*What you will do*
In the data below, find the line containing "- Keuken met" and the line containing "Nuestra contribución se", then reproduce them and every line between, exactly. Omit pictures.

*Stored data*
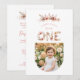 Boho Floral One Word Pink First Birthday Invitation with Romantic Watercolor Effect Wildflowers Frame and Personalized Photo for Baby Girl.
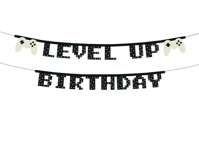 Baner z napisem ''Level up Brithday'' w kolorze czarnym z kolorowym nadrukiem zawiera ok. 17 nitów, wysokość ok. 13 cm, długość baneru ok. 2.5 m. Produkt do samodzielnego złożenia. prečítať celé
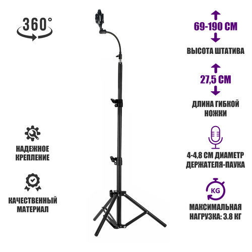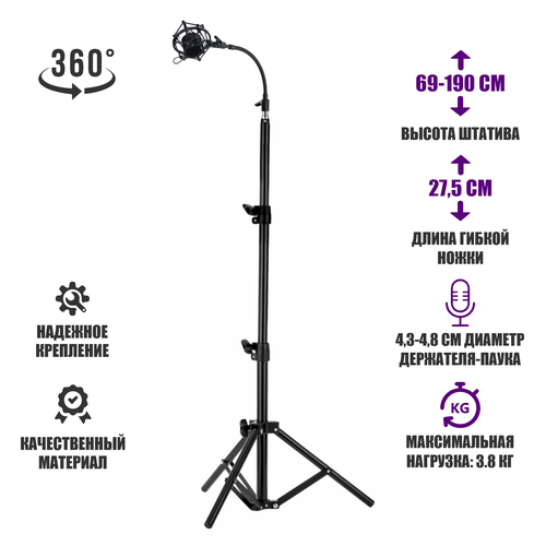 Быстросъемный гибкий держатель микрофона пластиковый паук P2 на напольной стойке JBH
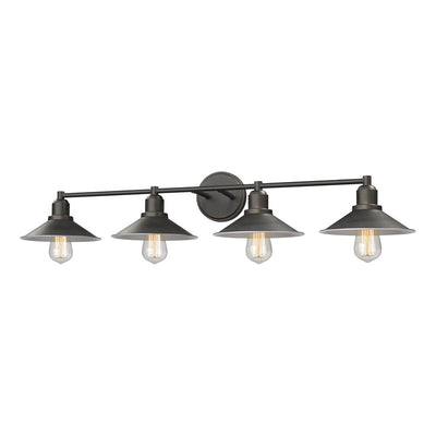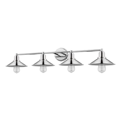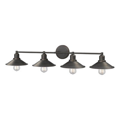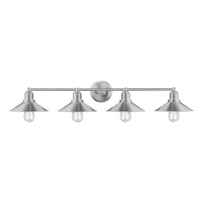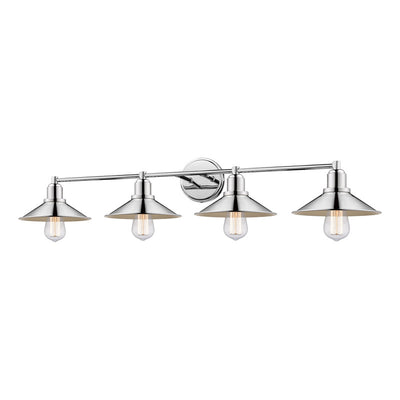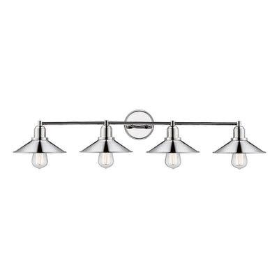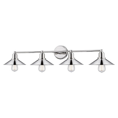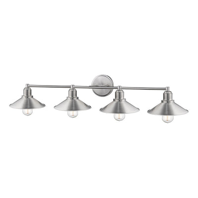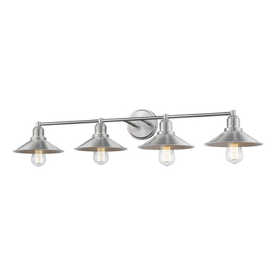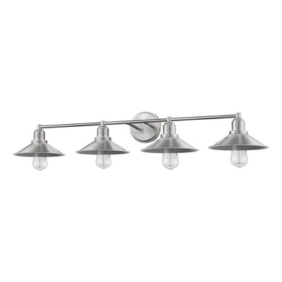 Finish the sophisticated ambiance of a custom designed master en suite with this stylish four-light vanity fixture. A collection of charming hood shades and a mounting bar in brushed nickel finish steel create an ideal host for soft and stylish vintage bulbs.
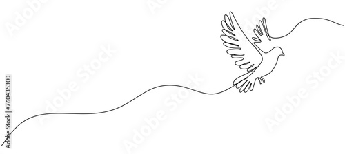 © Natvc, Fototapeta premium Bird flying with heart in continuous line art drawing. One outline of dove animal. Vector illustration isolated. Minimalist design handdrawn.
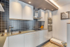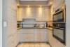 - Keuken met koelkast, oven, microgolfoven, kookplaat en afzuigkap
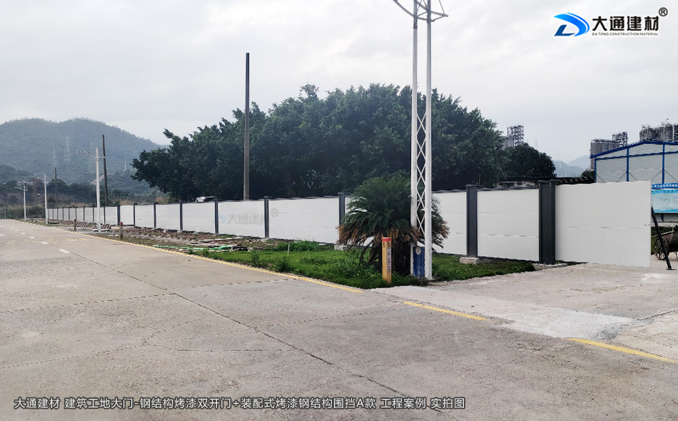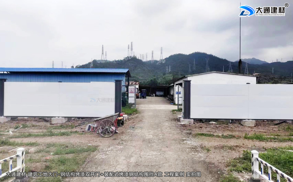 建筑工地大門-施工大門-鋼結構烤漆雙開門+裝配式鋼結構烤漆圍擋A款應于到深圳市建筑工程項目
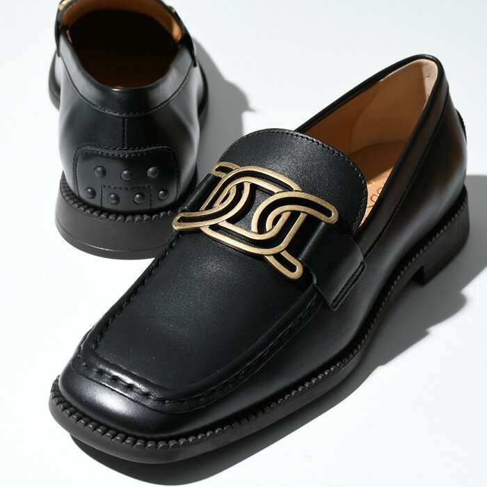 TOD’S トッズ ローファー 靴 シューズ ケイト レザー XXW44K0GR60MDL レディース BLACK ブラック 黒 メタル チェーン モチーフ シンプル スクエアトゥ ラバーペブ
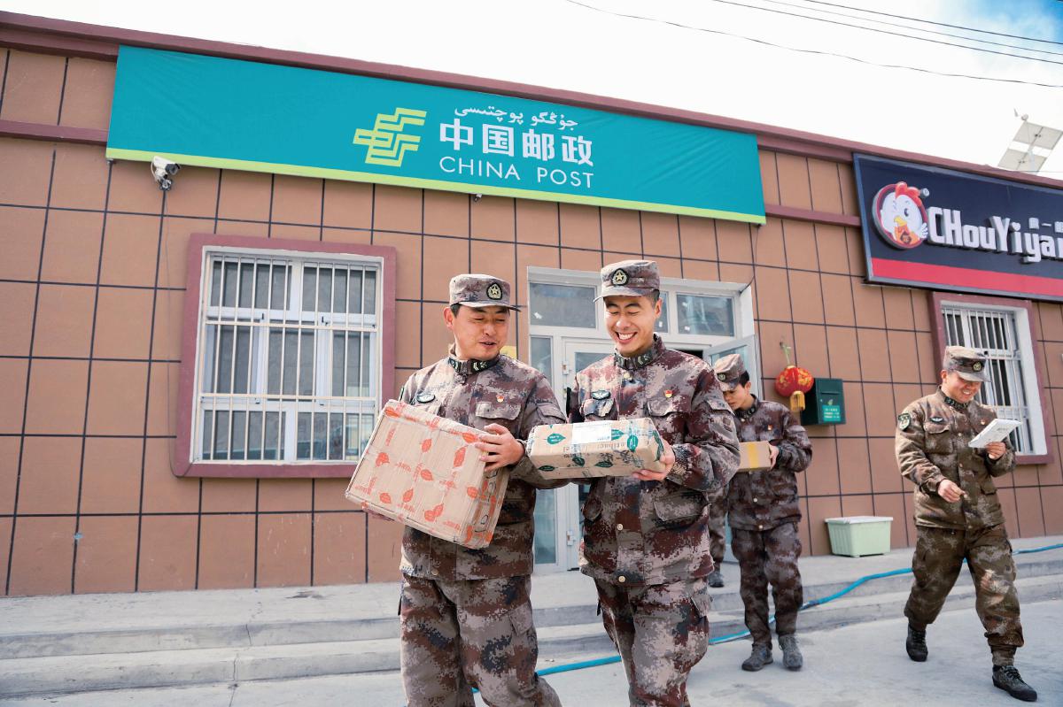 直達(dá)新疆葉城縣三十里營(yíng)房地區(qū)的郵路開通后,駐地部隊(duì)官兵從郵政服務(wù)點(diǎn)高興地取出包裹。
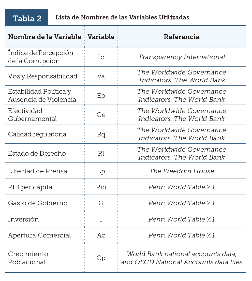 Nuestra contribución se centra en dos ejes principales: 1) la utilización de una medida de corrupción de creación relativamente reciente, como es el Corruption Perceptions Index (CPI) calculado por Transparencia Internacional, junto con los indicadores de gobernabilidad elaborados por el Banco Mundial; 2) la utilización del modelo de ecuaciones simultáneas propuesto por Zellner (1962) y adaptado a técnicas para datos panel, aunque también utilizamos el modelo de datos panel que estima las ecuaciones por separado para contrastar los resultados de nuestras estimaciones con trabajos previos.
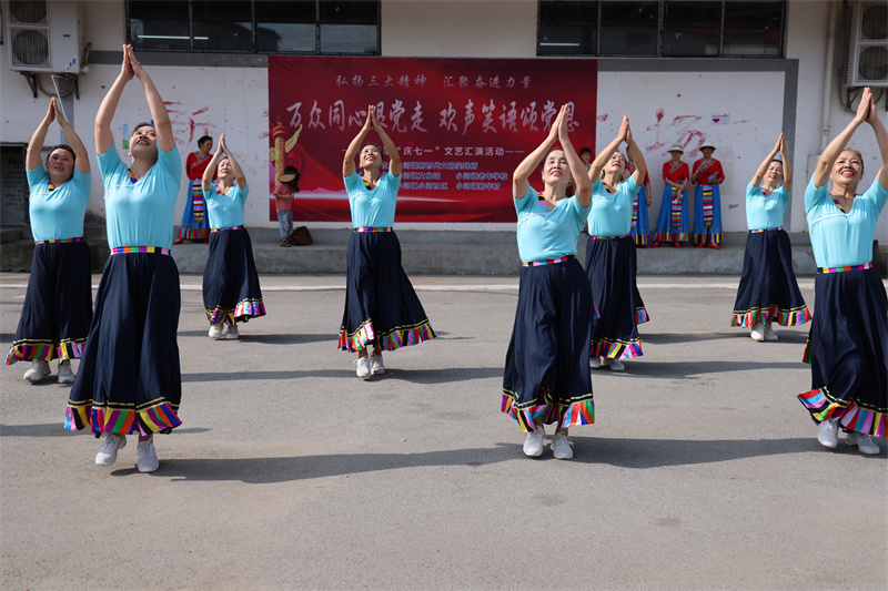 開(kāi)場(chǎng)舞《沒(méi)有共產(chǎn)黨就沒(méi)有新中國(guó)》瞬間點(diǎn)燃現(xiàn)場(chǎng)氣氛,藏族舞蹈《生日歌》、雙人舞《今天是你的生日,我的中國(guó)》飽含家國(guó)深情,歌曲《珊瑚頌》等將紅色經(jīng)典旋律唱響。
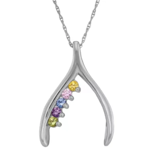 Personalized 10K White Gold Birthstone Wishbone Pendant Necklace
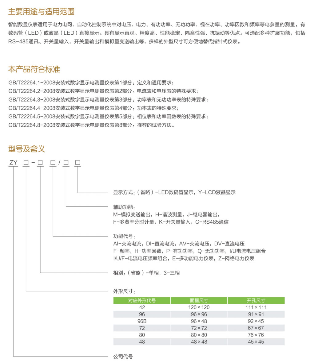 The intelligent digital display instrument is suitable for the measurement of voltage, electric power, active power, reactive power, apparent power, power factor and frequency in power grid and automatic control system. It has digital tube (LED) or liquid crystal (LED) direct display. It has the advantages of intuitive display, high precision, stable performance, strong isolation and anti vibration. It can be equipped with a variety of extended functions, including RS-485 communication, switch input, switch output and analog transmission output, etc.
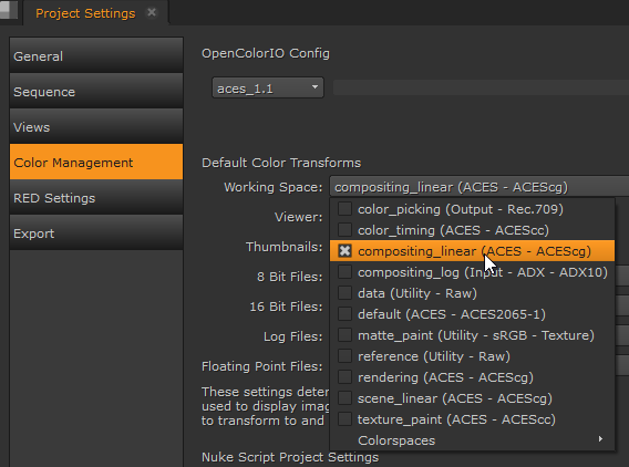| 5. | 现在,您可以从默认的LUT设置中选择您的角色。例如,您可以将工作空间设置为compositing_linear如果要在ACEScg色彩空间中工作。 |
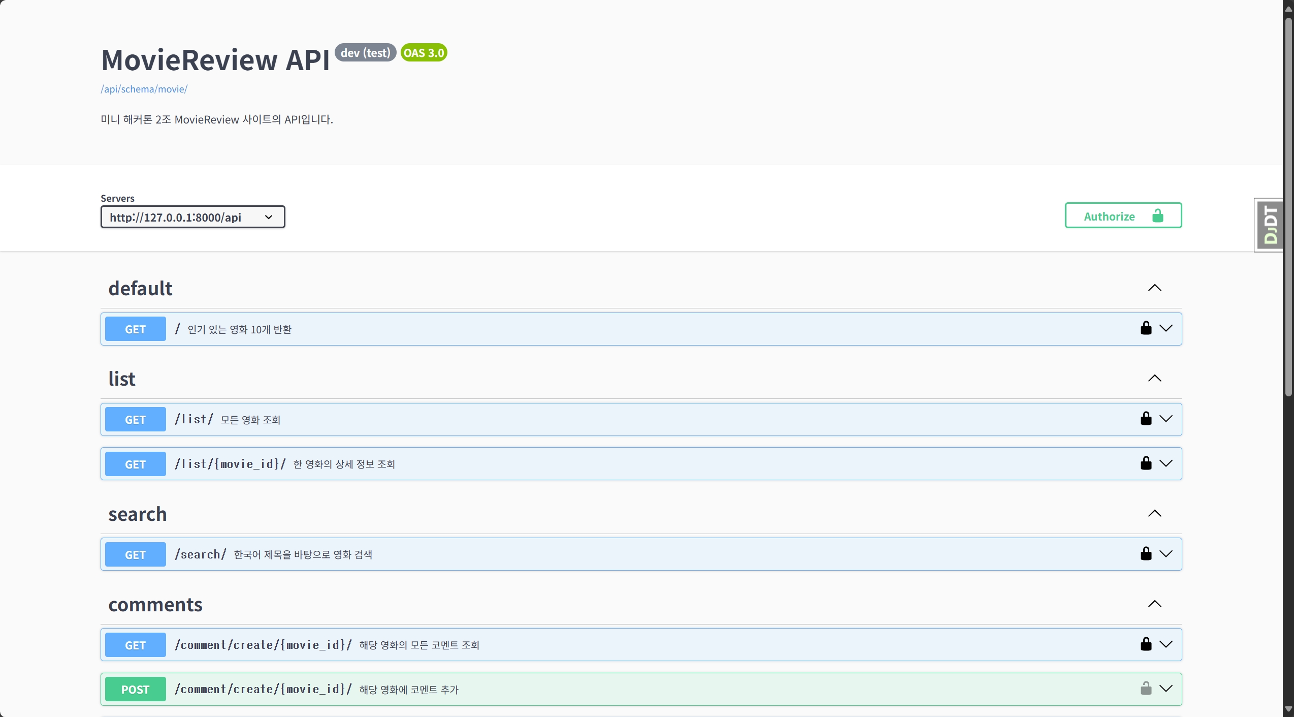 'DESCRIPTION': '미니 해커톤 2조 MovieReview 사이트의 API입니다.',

*Result below*
 - Keuken met koelkast, oven, microgolfoven, kookplaat en afzuigkap
 建筑工地大門-施工大門-鋼結構烤漆雙開門+裝配式鋼結構烤漆圍擋A款應于到深圳市建筑工程項目
 TOD’S トッズ ローファー 靴 シューズ ケイト レザー XXW44K0GR60MDL レディース BLACK ブラック 黒 メタル チェーン モチーフ シンプル スクエアトゥ ラバーペブ
 直達(dá)新疆葉城縣三十里營(yíng)房地區(qū)的郵路開通后,駐地部隊(duì)官兵從郵政服務(wù)點(diǎn)高興地取出包裹。
 Nuestra contribución se centra en dos ejes principales: 1) la utilización de una medida de corrupción de creación relativamente reciente, como es el Corruption Perceptions Index (CPI) calculado por Transparencia Internacional, junto con los indicadores de gobernabilidad elaborados por el Banco Mundial; 2) la utilización del modelo de ecuaciones simultáneas propuesto por Zellner (1962) y adaptado a técnicas para datos panel, aunque también utilizamos el modelo de datos panel que estima las ecuaciones por separado para contrastar los resultados de nuestras estimaciones con trabajos previos.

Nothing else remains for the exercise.